Your copy runs from the line containing "Ce luminaire de" through the last line of the listing, both included. Restate those lines word for word and leave out pictures.

**Data segment**
————
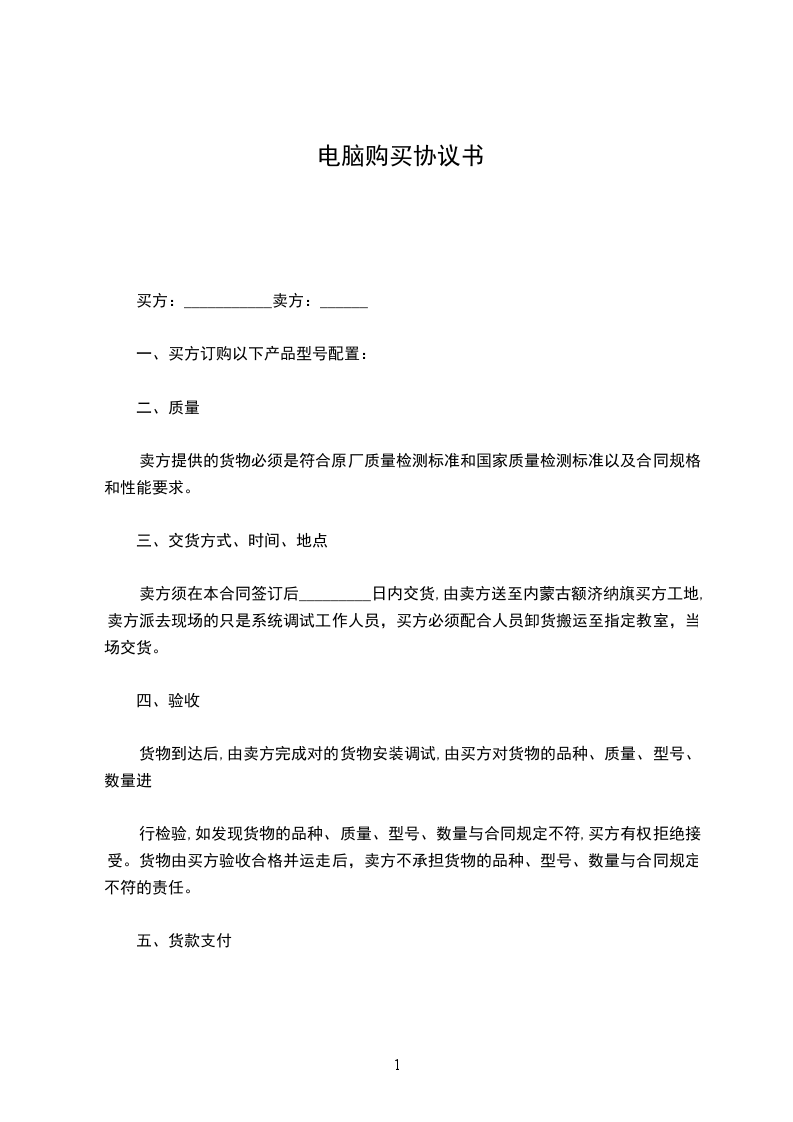 1、甲方向乙方定购的电脑,共计__台配置详见附牛:电脑设备配置单,单价为:__元(大写:__)总金额为:__元(大写:_)
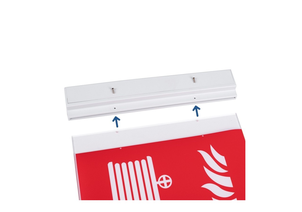 Ce luminaire de secours est conçu pour une installation suspendue au plafond. Les câbles de suspension et tout le matériel de montage requis sont inclus.
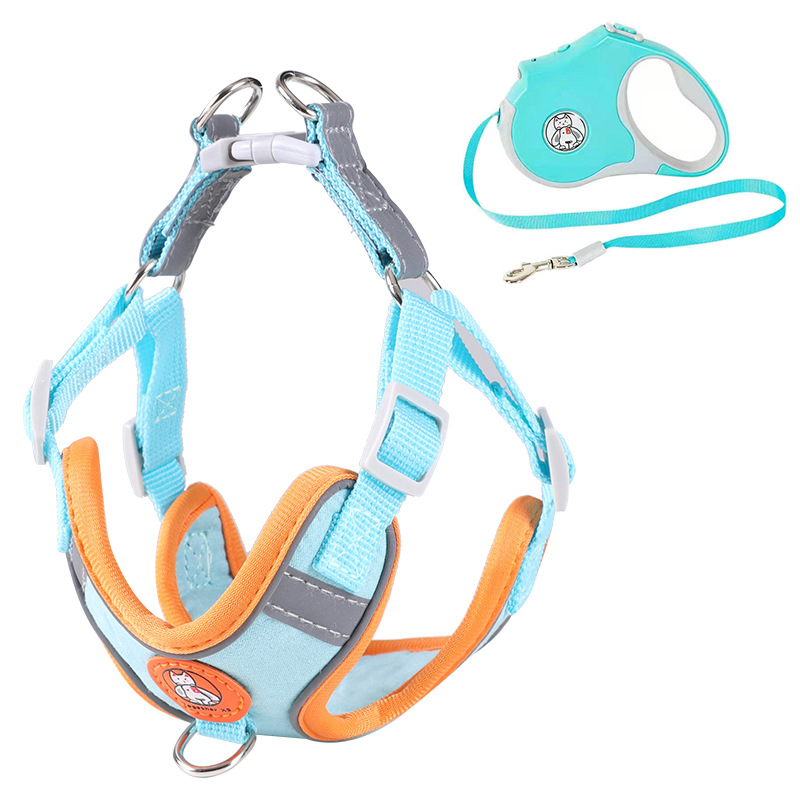 跨境新款宠物用品背心式宠物胸背带反光透气猫咪狗狗牵引绳遛狗绳
————
**Response to this task**
 Ce luminaire de secours est conçu pour une installation suspendue au plafond. Les câbles de suspension et tout le matériel de montage requis sont inclus.
 跨境新款宠物用品背心式宠物胸背带反光透气猫咪狗狗牵引绳遛狗绳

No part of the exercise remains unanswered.